U.S. Large Cap Select

Risk-Managed Investing for Volatile Markets

U.S. Large Cap Select is a separately managed account strategy investing in highly liquid U.S.-listed equities. Advanced Equities Asset Management (AEAM) designed this sophisticated program for investors seeking a risk-managed approach that strives to build and maintain wealth.

U.S. Large Cap Select seeks to outperform the S&P 500 index with a bias toward downside risk management. The strategy is designed to accommodate growing concern over market risk while still providing the participation in growth available through equity investing, understanding that diversification alone has deteriorated in its ability to mitigate risk in today's market. At its very core, U.S. Large Cap Select employs a disciplined methodology to identify opportunities to purchase stocks in large U.S. companies that the portfolio management team believes are poised for enhanced performance with a favorable risk /reward tradeoff.

Disciplined Opportunism

U.S. Large Cap Select follows a GARP ("growth at a reasonable price") approach, employing proprietary methodologies for forensic analysis of balance sheets and peer comparisons. Investments are centered in large companies deemed inexpensive based on financial yardsticks such as earnings growth, strong management performance (i.e., return on assets or inventory turnover), and cash vs. accrual earnings. Holdings are concentrated in approximately 40-to-60 securities with strong balance sheets and consistent earnings growth. Managers use technical analysis to help identify opportunistic, lower-risk entry points, and will intentionally overweight or underweight certain S&P 500 sectors and styles, although excessive sector/style bets are avoided through broad diversification.

The strategy maintains a constant hedging strategy (by buying instruments designed to go up in value as the market declines, typically Exchange Traded Funds, or ETFs) to partially offset some of the portfolio's market exposure. The amount of hedging is regularly adjusted based upon the manager's market outlook but the effective hedge is not less than 20% of the account's market value at any point in time.

Systematic Stock Selection Process

Large Cap Chart

AEAM portfolio managers begin the equity inspection process with a universe of 1,000 large cap stocks that are filtered through rigorous fundamental evaluation. Focusing on forensic accounting, this practice involves close examination of cash vs. accruals accounting, looking at more than 40 financial statement metrics, including asset turnover, inventory and receivables data.

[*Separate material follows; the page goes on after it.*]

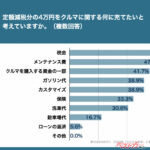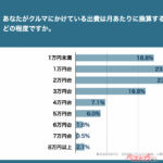 こうした傾向は「クルマ」についても同様で、仮に可処分所得が増えたとしても、「クルマにかける出費を前年から変更しない」がトップとなった。なお、普段クルマにかけている出費の実感は「月2万円台」が最も多く、個人収入の平均が400万円台とされるなかでこうしたボリュームは小さくないことから、多くの人たちの間で「クルマにかける出費を今よりさらに増やそう」というモチベーションは高まっていない現状が垣間見えた。

Approximately 400 (of the original 1,000) equities that meet AEAM's stringent evaluation criteria are given the all-clear and are then subjected to a GARP assessment that compares the companies' earnings growth and valuations to their closest peers. This second "filter" reduces the universe of target equities to 100 stocks.

The final 100 stocks are ranked in order of preference, based on factors such as the earnings growth and surprise history as well as recent analyst revisions. Lastly, a technical analysis identifies those securities that are at lower-risk entry points to allow portfolio managers to determine the 40-to-60 stocks with the most attractive risk-to-reward characteristics.

U.S. Large Cap Select's stock selection process is repeated weekly, with daily monitoring, trading, and adjustments as necessary. Similarly, the firm's macro market model, which analyzes several key economic, technical, valuation, fundamental, and sentiment indicators, is updated weekly and is used to set the target hedge exposure, typically varying between 20-40%.

Account Structure

Each client portfolio is established in a separately managed individual account, and subsequent gains and losses generated are exclusive to the individual account holder alone. The wrap fee of this separately managed account is inclusive of all fees, including commission costs.

An investor should carefully consider investment objectives, risks, charges and expenses before investing in an Exchange Traded Fund (ETF). This information and more complete information, including potential risks, included in each ETF prospectus, which can be obtained from Advanced Equities Asset Management, Inc. by calling (866) 299-4864. Read prospectus carefully before investing. There is no certainty that any investment or strategy will be profitable or successful in achieving investment objectives.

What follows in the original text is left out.